We have over 600 volunteers; we have nearly 600 on our congregational roll; on an average Sunday (if there ever is one) about 430 people worship across our four services, of whom I guess about 300 are regulars. The number in our planned giving scheme: 168.
I think we can do better than that. And we need to, because by promising to give a certain amount each week you enable the Cathedral to plan for the future and help us to help others even when you’re not here to put money in the collection plate. ‘Gift Aid’ it, and you help make the Chancellor of the Exchequer truly our Right Honourable Friend, and the biggest donor we have.
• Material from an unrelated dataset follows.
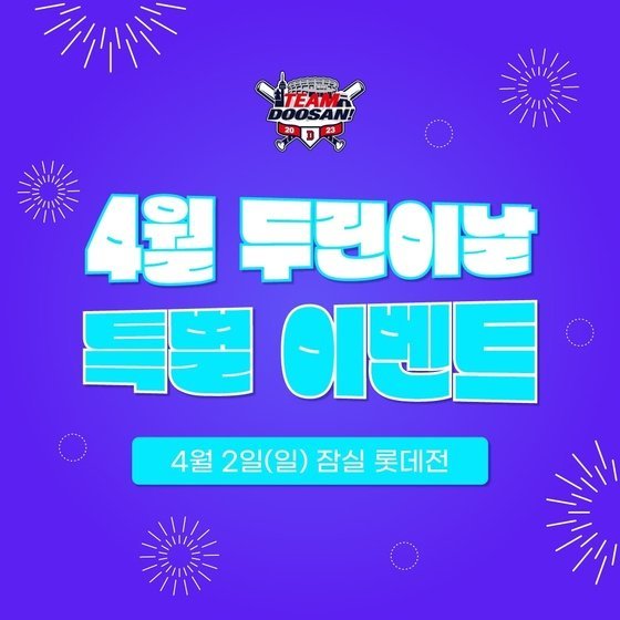 두산 베어스가 4월 2일 오후 2시 잠실구장에서 열릴 롯데 자이언츠전에서 ‘4월 두린이날’ 행사를 진행한다.

Why is all this important? The money we get from our visitors and refectory and shop cover most of our core costs, so that you can come in to a cathedral that’s dry, lit and heated (though not until October), but we think we are called to more than that. We think that God wants us to be more ambitious for the gospel. Our Strategic Plan and conversations about our new Dean all express a desire to be more outward-looking, so we have taken a little leap of faith and committed extra money: more money to improve provision for our choirs and music, but also more money to extend our outreach work, things like our work with schools, with Erlestoke Prison and Dementia Awareness Week. To meet that we need an extra £13,000 from our congregational giving before next April.
Now, if every regular worshipper here today who isn’t in the planned giving scheme pledges just £2 a week (and some of us can afford a lot more than that) and if everyone already in the scheme pledges just £1 extra each week (and some of us can afford a lot more than that) we’ll sail past that total and be on the way to funding other objectives, like engaging in a creative way - through volunteers and paid ministry - with the many young people who are drawn (for various reasons) to the Cathedral Close.
The Planned Giving Scheme helps us take calculated risks for God. This leaflet tells you more. Please read it and consider what response you might make. You may, though, think there are reasons for making no response. Here are some.
- The Church of England has pots of money. I’ve been ordained for thirty-two years, and I’m still looking for those pots. We have huge assets but enormous liabilities.
- I worship here but I also worship somewhere else. Fine, split your giving between here and there. And of course…
- I realise this is all true and important but I just never get round to it. This is an excellent reason, because it is my reason. I confess to you, my brothers and sisters, that, since joining the Cathedral I still have not got round to joining the planned giving scheme. But not today. Today is my day of repentance. Here is my filled-in planned giving form, and my Gift Aid declaration. Please don’t let this be the only one.
Just as important, don’t let this sermon become a guilt trip. ‘God loves a cheerful giver,’ says St Paul. We each need to ask, ‘Who is my money good news for?’ and money grudgingly given is not good news for anyone. So if Salisbury Cathedral has not yet unlocked your joy, hang on to your dosh and pray - ask God to shock you with gladness. But if something about our life here is setting your joy free, if it’s helping you see God, the least you or any of us can do is give of our money, so that others can know this too. If we give generously, the way you want to be generous to someone you’re really grateful to, then there will be enough and to spare. That’s Paul’s message this morning.
It depends, though, on what happens next.